* _Exercise details_
Without the pictures, print the lines from the one holding "ANDRIANNA PAPELL 100%" through the last line below, both included, exactly as they stand.

* _Supplied material_

* * *

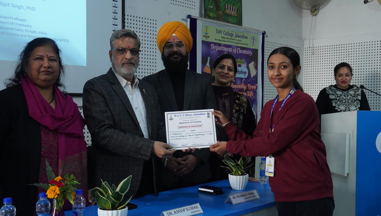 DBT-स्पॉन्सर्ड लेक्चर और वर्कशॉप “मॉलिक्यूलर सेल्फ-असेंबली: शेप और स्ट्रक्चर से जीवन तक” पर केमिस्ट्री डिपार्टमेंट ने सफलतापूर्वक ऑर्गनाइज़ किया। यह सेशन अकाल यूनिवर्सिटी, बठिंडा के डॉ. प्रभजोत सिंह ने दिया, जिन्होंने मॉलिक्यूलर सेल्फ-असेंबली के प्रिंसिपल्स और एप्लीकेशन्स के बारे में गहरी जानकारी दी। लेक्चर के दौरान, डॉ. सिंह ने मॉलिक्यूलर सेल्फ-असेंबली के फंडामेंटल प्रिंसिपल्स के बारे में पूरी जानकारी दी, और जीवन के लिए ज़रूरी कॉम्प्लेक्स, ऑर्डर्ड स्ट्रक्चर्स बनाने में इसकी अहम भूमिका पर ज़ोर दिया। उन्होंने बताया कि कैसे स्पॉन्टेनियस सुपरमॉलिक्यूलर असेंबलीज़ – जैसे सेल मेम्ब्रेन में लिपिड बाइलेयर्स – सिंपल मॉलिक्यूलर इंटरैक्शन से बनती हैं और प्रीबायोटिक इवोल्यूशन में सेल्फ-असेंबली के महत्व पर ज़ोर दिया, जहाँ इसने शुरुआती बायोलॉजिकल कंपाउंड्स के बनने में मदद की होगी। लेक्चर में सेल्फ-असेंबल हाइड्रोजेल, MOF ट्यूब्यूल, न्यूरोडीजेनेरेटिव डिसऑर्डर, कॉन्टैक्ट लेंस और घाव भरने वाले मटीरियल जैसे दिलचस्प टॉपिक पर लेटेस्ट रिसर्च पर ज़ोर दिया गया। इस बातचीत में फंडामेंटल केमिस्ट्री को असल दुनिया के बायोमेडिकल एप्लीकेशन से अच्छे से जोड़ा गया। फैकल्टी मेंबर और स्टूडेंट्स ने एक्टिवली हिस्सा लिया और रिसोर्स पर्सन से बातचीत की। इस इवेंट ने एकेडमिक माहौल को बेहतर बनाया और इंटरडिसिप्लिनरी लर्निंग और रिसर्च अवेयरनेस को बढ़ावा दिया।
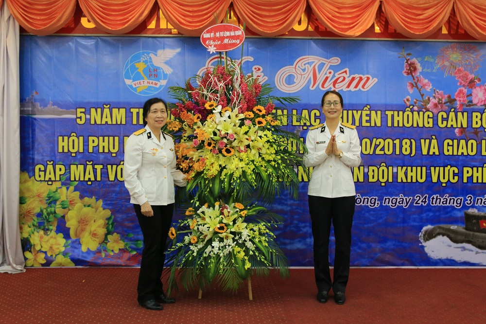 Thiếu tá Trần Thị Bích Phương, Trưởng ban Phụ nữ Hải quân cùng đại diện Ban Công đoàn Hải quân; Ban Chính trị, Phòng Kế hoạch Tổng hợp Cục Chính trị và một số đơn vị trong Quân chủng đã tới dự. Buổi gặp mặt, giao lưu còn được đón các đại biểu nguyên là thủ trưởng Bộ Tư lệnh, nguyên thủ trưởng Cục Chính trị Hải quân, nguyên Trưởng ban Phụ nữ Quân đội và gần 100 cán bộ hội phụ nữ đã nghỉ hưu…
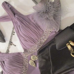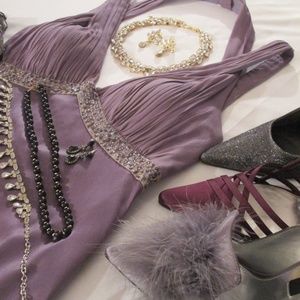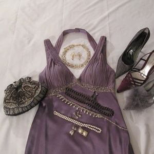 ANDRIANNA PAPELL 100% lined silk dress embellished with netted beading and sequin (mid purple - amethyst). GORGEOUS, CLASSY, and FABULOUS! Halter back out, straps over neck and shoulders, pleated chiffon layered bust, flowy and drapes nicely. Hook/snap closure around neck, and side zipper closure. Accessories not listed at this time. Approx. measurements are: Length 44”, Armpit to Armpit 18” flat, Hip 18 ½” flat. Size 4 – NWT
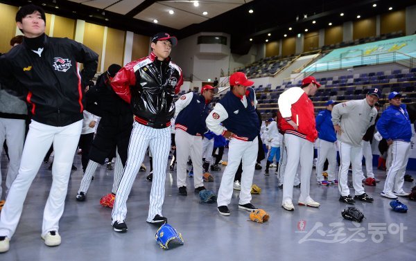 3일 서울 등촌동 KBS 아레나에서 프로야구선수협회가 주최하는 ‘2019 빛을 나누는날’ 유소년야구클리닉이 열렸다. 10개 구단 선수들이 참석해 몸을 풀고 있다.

* * *

* _Result below_
 ANDRIANNA PAPELL 100% lined silk dress embellished with netted beading and sequin (mid purple - amethyst). GORGEOUS, CLASSY, and FABULOUS! Halter back out, straps over neck and shoulders, pleated chiffon layered bust, flowy and drapes nicely. Hook/snap closure around neck, and side zipper closure. Accessories not listed at this time. Approx. measurements are: Length 44”, Armpit to Armpit 18” flat, Hip 18 ½” flat. Size 4 – NWT
 3일 서울 등촌동 KBS 아레나에서 프로야구선수협회가 주최하는 ‘2019 빛을 나누는날’ 유소년야구클리닉이 열렸다. 10개 구단 선수들이 참석해 몸을 풀고 있다.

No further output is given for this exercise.